We were interested in exchanging to Marriott's Canyon Villas  in Phoenix in the fall and would like to see the sights in the area.  We are concerned about the drug cartel activity as of late and were wondering if it is a good idea to put it off for a year of two.  (I apologize if this subject has been covered already)..Thanks!


----------



## mav (Apr 14, 2009)

Well.... we are headed for Phoenix in May. We have an exchange into the Four Seasons Scottsdale and no way am I giving that up.


----------



## Red Rox (Apr 14, 2009)

Don't even think about delaying your vacation exchange. There is no reason to fear anything in PHX. Use reasonable caution, the same as you would in any place that you are not familiar with. If you are not attempting to buy drugs or smuggle an illegal alien in PHX, you will be entirely unaware of any dangerous environment around you. Have no fear.


----------



## mamadot (Apr 14, 2009)

You will be in a very upscale area of Scottsdale. Like any big city stay away from certain areas.  You will be now where near them. If concerned upon check in ask if there are areas you should not go to.

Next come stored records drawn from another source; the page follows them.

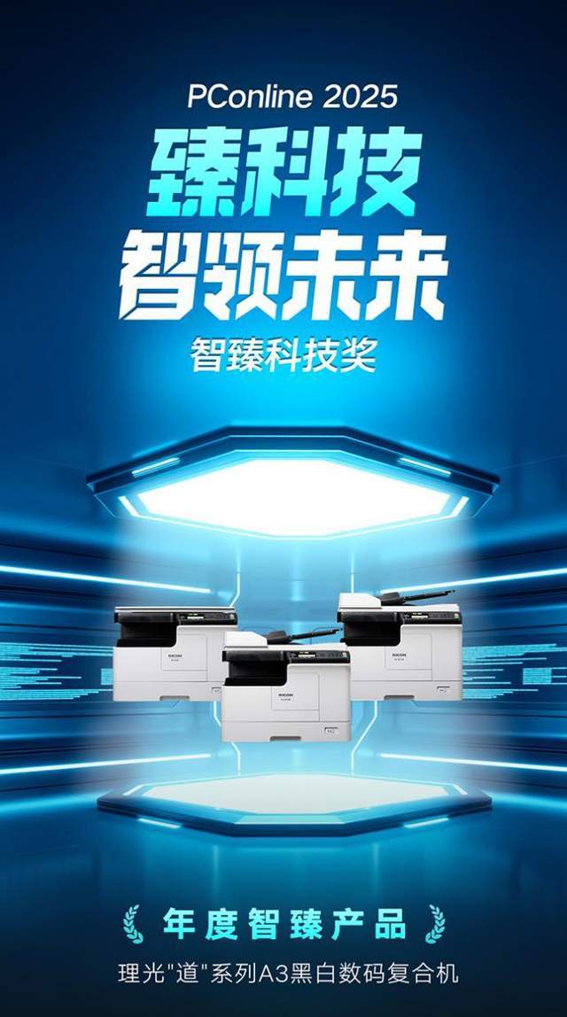 在企业数字化转型加速的当下,稳定高效的办公设备成为企业运营的关键支撑。理光“道”系列A3黑白数码复合机凭借对本土企业需求的深刻洞察,荣获PConline 2025智臻科技奖《年度智臻产品》大奖。
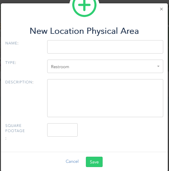 1. Click on the green “+ Add Physical Area” text to open up the “New Location Physical Area” pop-up window.
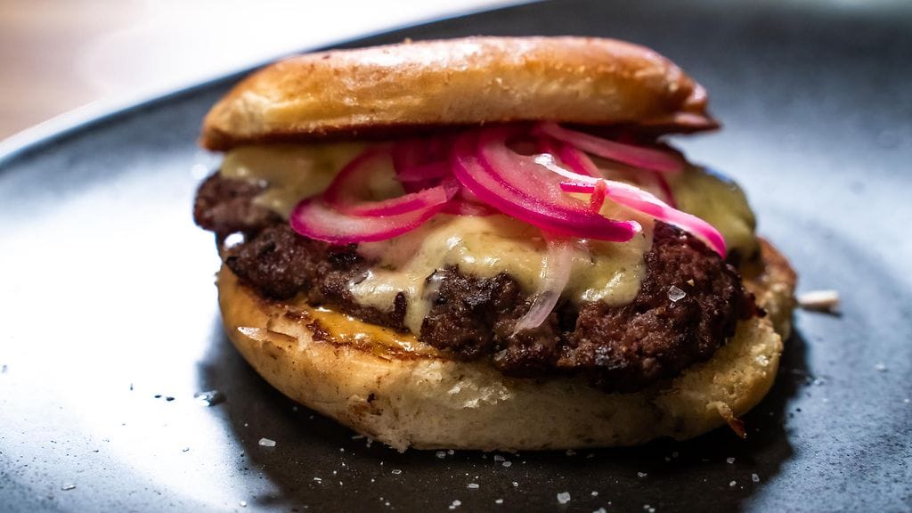 Valmista jauhelihapihvi. Muodosta jauhelista kaksi pihviä. Mausta suolalla ja pippurilla. Paista voissa pannulla molemmin puolin. Lisää juustosiivu pihvin päälle niin että se alkaa sulamaan.
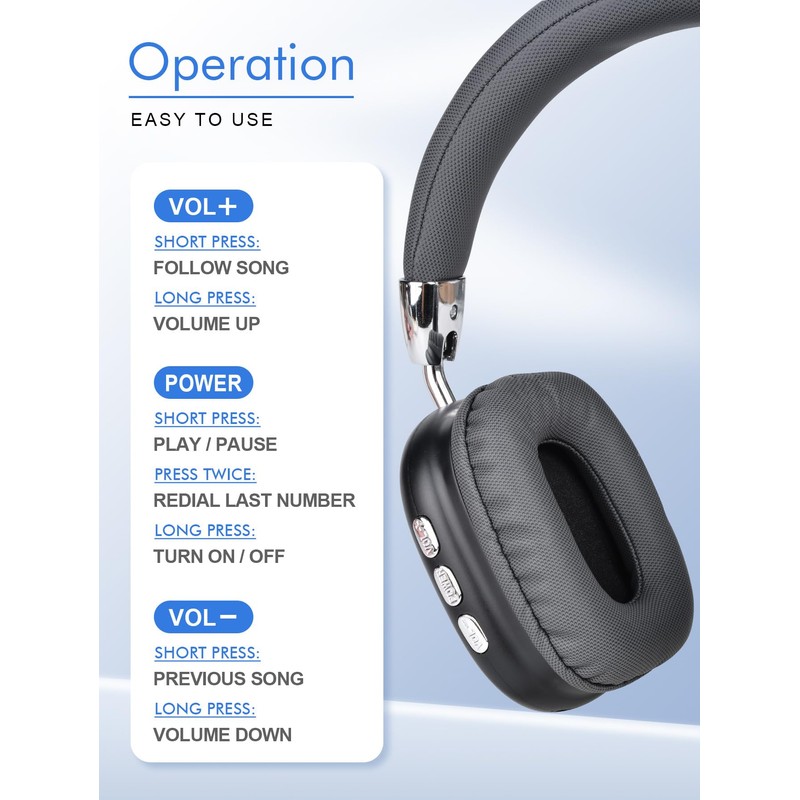YGVCDRY B36 Wireless Bluetooth 5.3 Over-Ear Headphones, 8H Playtime ANC Noise Cancelling Headphones, Foldable, Ergonomic, HD Microphone, for Mobile/PC/Game Console (Black)

I have been all over Phoenix in the past couple of days and never saw anything.


----------



## Steve (Apr 14, 2009)

I realize that there are some serious problems in Phoenix, but I spent a week in Scottsdale in December and absolutely loved it. We drove around the area quite a bit. Places we visited included the Arizona Cardinals stadium in Glendale, the Phoenix Zoo, the Desert Botanical Garden, the Mormon Temple Christmas lights in Mesa, etc. I never felt unsafe. 

Phoenix is a huge, sprawling metro area. Marriott's Canyon Villas is located on the far north side of the city. It's in a great area. If you were staying at the Legacy Golf Resort on the south side of the city, you might have a little more reason for concern as that resort is located close to some very bad areas. But the north side of Phoenix is great. The main tourist areas all around town are also just fine in my experience. The south side of town is not the best...so don't go down there.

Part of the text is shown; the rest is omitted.